This is a command-line application that uses a tabular dataset for a national retail chain to find the nearest store to a specified address or zip. The dataset is included in the repo (store-locations.csv).
CLI options supported. (Specification conforms to http://docopt.org/)
Find Store
find_store will locate the nearest store (as the vrow flies) from
store-locations.csv, print the matching store address, as well as
the distance to that store.
Usage:
find_store --address="<address>"
find_store --address="<address>" [--units=(mi|km)] [--output=text|json]
find_store --zip=<zip>
find_store --zip=<zip> [--units=(mi|km)] [--output=text|json]
Options:
--zip=<zip> Find nearest store to this zip code. If there are multiple best-matches, return the first.
--address Find nearest store to this address.

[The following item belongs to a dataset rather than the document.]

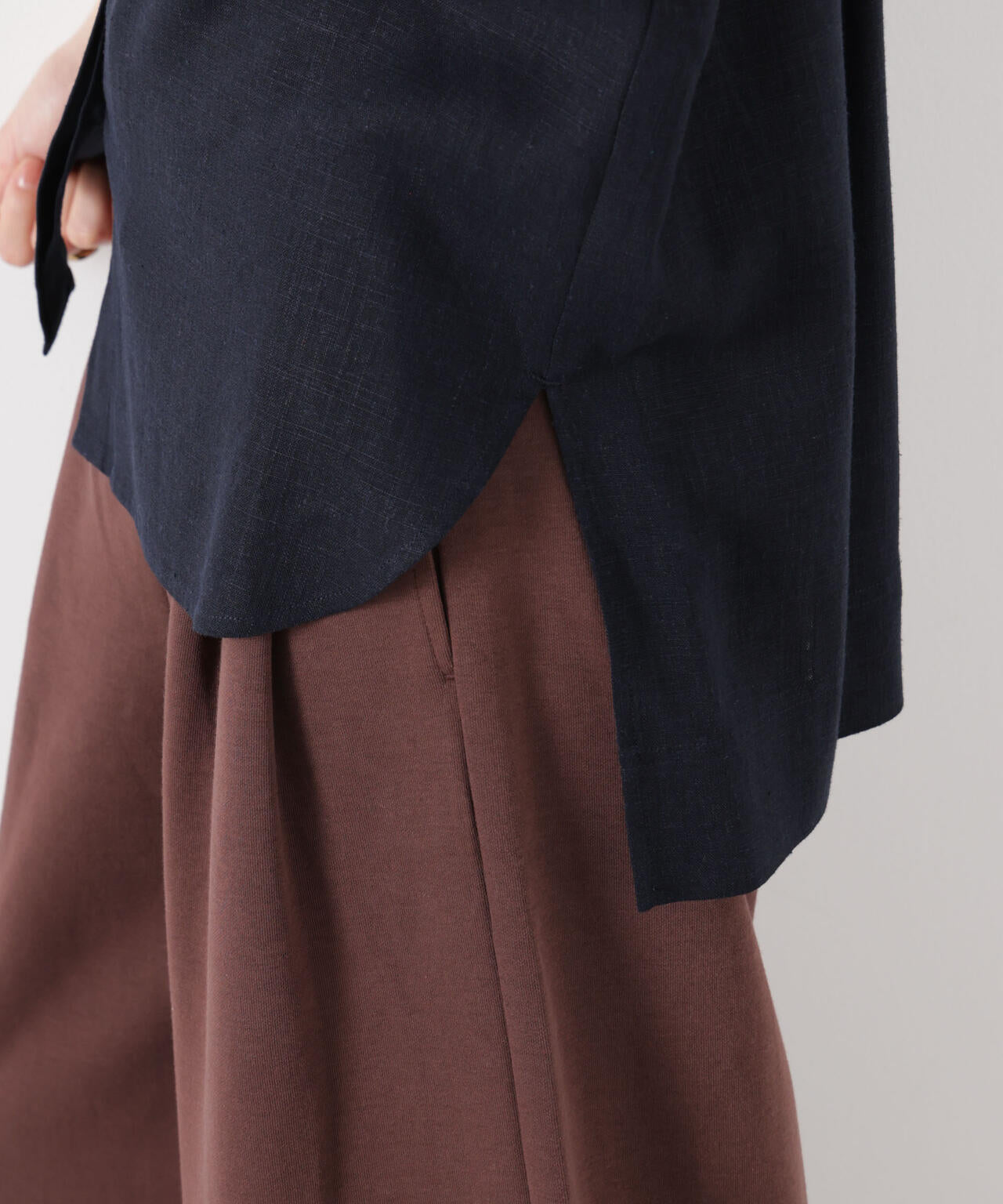 • フロントのみインもできるサイドスリット入りの前後差丈

If there are multiple best-matches, return the first.
--units=(mi|km) Display units in miles or kilometers [default: mi]
--output=(text|json) Output in human-readable text, or in JSON (e.g. machine-readable) [default: text]
Example
find_store --address="1770 Union St, San Francisco, CA 94123"
find_store --zip=94115 --units=km
The application loads the dataset for the stores into a pandas dataframe and calculates the haversine distance to the address or zip specified in the commandline. The dataframe is then queried based on distance to find the nearest store. The distance can be in miles or kilometer based on the option. The output format can also be specified in the CLI option.